The archbishop may not be as culpable as other bishops who more systematically covered up sexual predation, and in at least one case he took action that was initially thwarted by the Vatican.

But a devastatingly detailed grand jury report on widespread child sex abuse in Pennsylvania churches showed that Wuerl, as bishop of Pittsburgh, was immersed in a clerical culture that hid pedophilic crimes behind euphemisms, conducted unprofessional investigations and evaluations of accused priests, kept acknowledged cases of sex abuse secret from parish communities and avoided reporting the abuse to police.

In an anguished letter to his archdiocese, Wuerl accepted responsibility for actions described in the grand jury report. “I wish that I could redo some decisions I have made in my three decades as a bishop and each time get it right,” he wrote.

Francis’ warm feelings for Wuerl may be understandable, given that the archbishop has been a supporter of the social changes the pope is trying to achieve in the Catholic Church. Conservative prelates who have fought those changes have accused the pope of covering up accusations that the previous archbishop of Washington, the former Cardinal Theodore McCarrick, sexually harassed and abused seminarians. Wuerl’s standing was weakened by his association with his predecessor, although he insists he knew nothing about the allegations. The pope saw Wuerl’s resignation as a sacrifice for the good of the church amid the attacks by critics like Archbishop Carlo Maria Viganò, a former Vatican ambassador to the United States who has vigorously pressed charges of a church cover-up.

Yet by indicating that he regards Wuerl’s past actions simply as “mistakes,” and by allowing him to remain a member of the powerful Congregation for Bishops, the pope reinforces the sense that he does not understand the extraordinary damage done by clerics who cruelly and shamelessly abused their power over trusting children and adults. What the Pennsylvania grand jury report and other reports chronicle is not “inappropriate contact,” as diocesan records so often claimed, but the brutal and repeated rape of innocents who have been marked by this for life.

Francis was similarly slow to understand the gravity of sexual abuse cases in Chile, initially defending bishops and acting only after he listened to survivors.

To restore the trust of its faithful and its standing in the world, the Vatican needs to make a more vigorous and sincere effort to acknowledge the damage done by abusive priests and Vatican officials who perpetuated the abuse.

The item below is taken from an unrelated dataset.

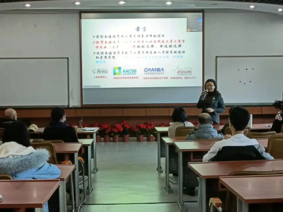 系主任张剑教授首先对同学们进入探花视频 表示祝贺和欢迎,分别从专业简介、培养目标、培养路径、培养资源、本科生全程导师等五个方面进行了详细介绍与分享。在专业简介上,张剑教授介绍到工商管理专业是以管理学为主要理论基础,以统计学运筹学等数理分析和案例分析等为主要研究手段,主要研究工商企业在经营管理活动中所需遵循基本理论和一般方法的一门专业;在人才培养目标方面,张剑教授提到工商管理专业旨在培养出具有成长为CEO潜质的人,培养能够进行高水平工商管理科学研究的潜在人才;在培养路径方面,精心设计核心专业课和专业选修课,注重科学研究与实践实训,根据社会经济发展需求,培养了一大批优秀人才;在培养资源方面,工商管理专业具有重要的学科位置,雄厚的师资力量,工商管理专业教师总数二十三人,其中教授五名,博导四名,均具有突出的工作业绩,获得过多项国家级和省部级奖项。工商管理专业具有清晰的“五位一体”培养模式,2020年获批“工商管理国家级一流本科专业建设点,具有领先的教学体系,已进入奔向国家水平赛道;在本科生全程导师方面,张剑教授介绍到本科生全程导师制以培养创新意识和创新能力为核心,实现教书与育人的制度性结合,也希望此制度加强导师与学生的沟通,实现本科生学习的进一步深化提高。

Wuerl seemed to understand this when he said he was making way for younger bishops consecrated since the crisis burst into the open in 2002, and for that he deserves credit.

But if the church is to make amends for the scars it has inflicted on thousands of its members, the pope must do a far better job of demonstrating at every opportunity that there is no “nobility” whatsoever in the way sexual predation was allowed to spread through the church, that he will not tolerate the slightest of “mistakes” in the handling of such abuse and that he will upend a rotten Vatican culture that let it all happen.